This document was published by the Crosswalk Project as an API Draft. If you wish to make comments regarding this document, please send them to crosswalk-dev@lists.crosswalk-project.org. All comments are welcome.

Introduction

Interfaces

ScenePerception

The ScenePerception interface provides methods to track and scan scenes for augmented reality applications. The ScenePerception interface is exposed through realsense module.

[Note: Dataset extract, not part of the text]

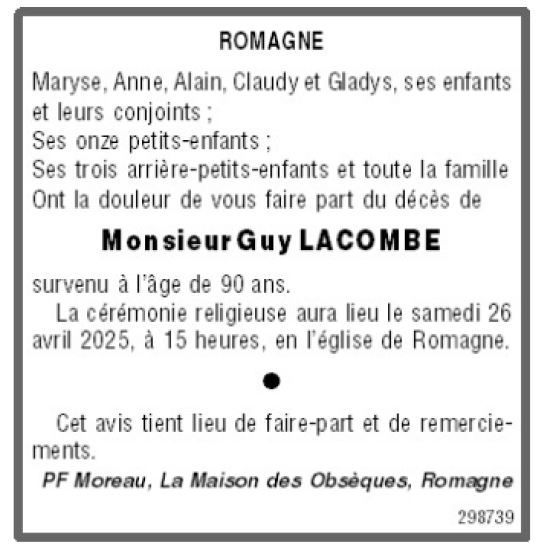 Cet espace « condoléances » est dédié à la mémoire de Monsieur Guy LACOMBE.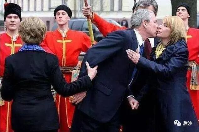 那张亲吻照,人们的焦点都放在了小布什身上,还有用手拉他的夫人,被吻的女人网友只知道她是乌克兰总统夫人。

Promise<void> init(optional InitialConfiguration config)
Initialize the Scene Perception module with user-defined configuration.
optional InitialConfiguration config
The initial user defined configuration which will be passed to Scene Perception module.
Promise<void> start()
Start scene perception. This method should be called after the init get called and successfully returned, otherwise it will fail with error.
Promise<void> stop()
Stop scene perception. Calling this method will terminate the scene perception procedure. If scene perception has not been started, it will take no effect.
Promise<void> reset()
Reset scene perception module to its initial state.
Promise<void> destroy()
Destroy the scene perception object. After calling this method the scene perception object will no longer being valid, you need to call init to re-initialize it if you want to use again.
Promise<void> enableReconstruction(boolean enable)
Allows user to enable/disable integration of upcoming camera stream into 3D volume. If disabled the volume will not be updated. However scene perception will still keep tracking the camera. This is a control parameter which can be updated before passing every frame to the module.
boolean enable
Flag to enable/disable reconstruction.
Promise<void> enableRelocalization(boolean enable)
Allows user to enable/disable re-localization feature of scene perception's camera tracking. By default re-localization is enabled. This functionality is only available after init is called.
boolean enable
Flag to enable/disable re-localization.
Promise<boolean> isReconstructionEnabled()
Allows user to check whether integration of upcoming camera stream into 3D volume is enabled or disabled.
Promise<Sample> getSample()
Allows user to access the surface's captured sample that are within view from camera's current pose asynchronously.
Promise<Vertices> getVertices()
Allows user to access the surface's vertices that are within view from camera's current pose asynchronously.
Promise<Normals> getNormals()
Allows user to access normals of surface that are within view from the camera's current pose asynchronously.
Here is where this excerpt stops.